Fig. 1C illustrates the formal and “honest” predictions for the nine validation tumors. Some are quite surely predicted as of either ER+ or ER− status, but those in the central region are of uncertain status, and the probability intervals reflect this uncertainty. Tumor samples 45 and 46 were determined as ER− by IHC at time of diagnosis but as ER+ by the later immunoblotting. This change in ER status could reflect an initial borderline reading at the time of diagnosis that was more clearly positive by immunoblot assay, or it could reflect tumor heterogeneity that influenced the assay based on sampling differences. On the basis of the statistical analysis, the expression profiles are strongly consistent with the immunoblotting results. Tumor samples 14, 31, and 33 were initially determined to be ER+ by IHC but ER− by the later immunoblotting. Again, this difference could reflect tumor heterogeneity. In these cases, the statistical analysis indicates an expression profile consistent with the initial determination of a positive ER status for tumor 31 and the subsequent immunoblotting result of negative ER status for tumor 33; for tumor 14, the expression profile yields an uncertain prediction. This analysis highlights the use of model predictions as a third test to compare with the IHC and immunoblotting results. For the cases when the two biological tests conflict, the analysis sometimes agrees with IHC and sometimes with immunoblotting, and in some it indicates a high degree of uncertainty about ER status. This kind of information is then available for review by oncologists; in some cases, ER status is simply difficult to determine, because of either within-tumor heterogeneity or changes over time in protein levels. The model analysis is appropriately reflecting the ambiguities in such borderline cases.
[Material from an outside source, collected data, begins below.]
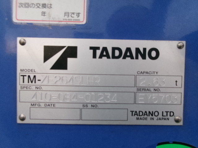 | 車両形状 | ハイジャッキクレーン付 | 上物メーカー | タダノ | ||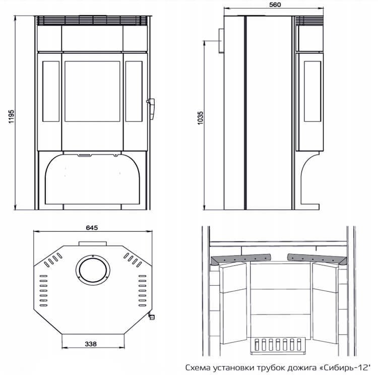 В конструкцию печи-камина "Сибирь" - 12 кВт внедрена доработанная система дожига вторичных газов, позволяющая увеличить КПД камина и скорость нагрева отапливаемого помещения.
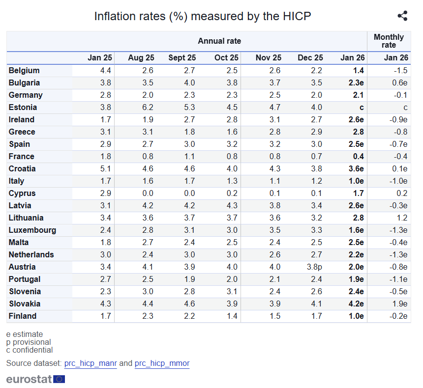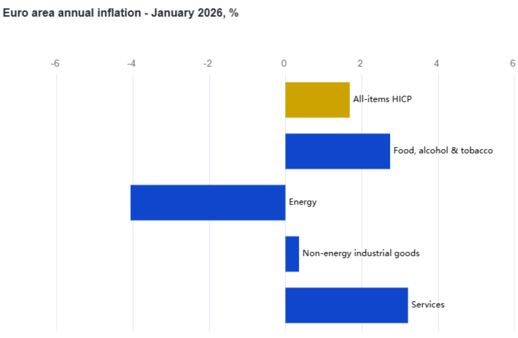 Στην ευρωζώνη, ο ετήσιος πληθωρισμός διαμορφώθηκε στο 1,7% τον Ιανουάριο 2026, έναντι 2% τον Δεκέμβριο 2025, επιβεβαιώνοντας τη γενικότερη τάση επιβράδυνσης των τιμών σε ευρωπαϊκό επίπεδο.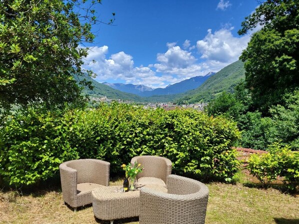 Der Außenbereich des Rusticos hält eine eindrucksvolle, überdachte Terrasse und einen großzügigen, direkt am Haus gelegenen Garten (nicht eingezäunt) für Sie bereit. Von Ihrem privaten Parkplatz, der maximal zwei Autos Platz bietet und nach einem kurzen, steilen Fußweg zum Rustico führt, können Sie die Ruhe und Schönheit der Tessiner Landschaft in vollen Zügen genießen. Auch für das Ent- und Beladen stehen Sie nur circa 50 Meter vom Rustico entfernt.

Crossvalidation Analysis of ER Status and Honest Prediction.
A major practical interest and potential clinical value of such statistical analyses lies in the ability to predict the status of new cases on the basis of a gene expression profile, that is, to provide a rational theoretically well-founded estimate of the probability of ER status for any new case, accompanied by a realistic assessment of uncertainty. Such uncertainties may be high due to limited information and population heterogeneity, and it is critical that this uncertainty be reported and communicated to clinical researchers and clinicians along with point estimates of outcome probabilities.
By using the set of 100 genes selected from the full training sample study, the regression model was repeatedly refitted to the training data, each time removing the ER status of one of the tumors and then estimating the classification probability for that tumor. This is a standard “one-at-a-time” crossvalidation analysis; the status of each tumor in the training sample is predicted on the basis of the remaining cases. Fig. 3A displays the predictions in a format similar to Fig. 1B, with similar results. There is more uncertainty about tumors in the mid-range, because these are now predictions rather than fitted values. However, it is important to note that the results in Fig. 3A do not provide a reliable guide to the true predictive value, because they are based on the prescreened subset of 100 genes that utilize the known ER status of all cases and so bias toward a potentially over-optimistic discrimination.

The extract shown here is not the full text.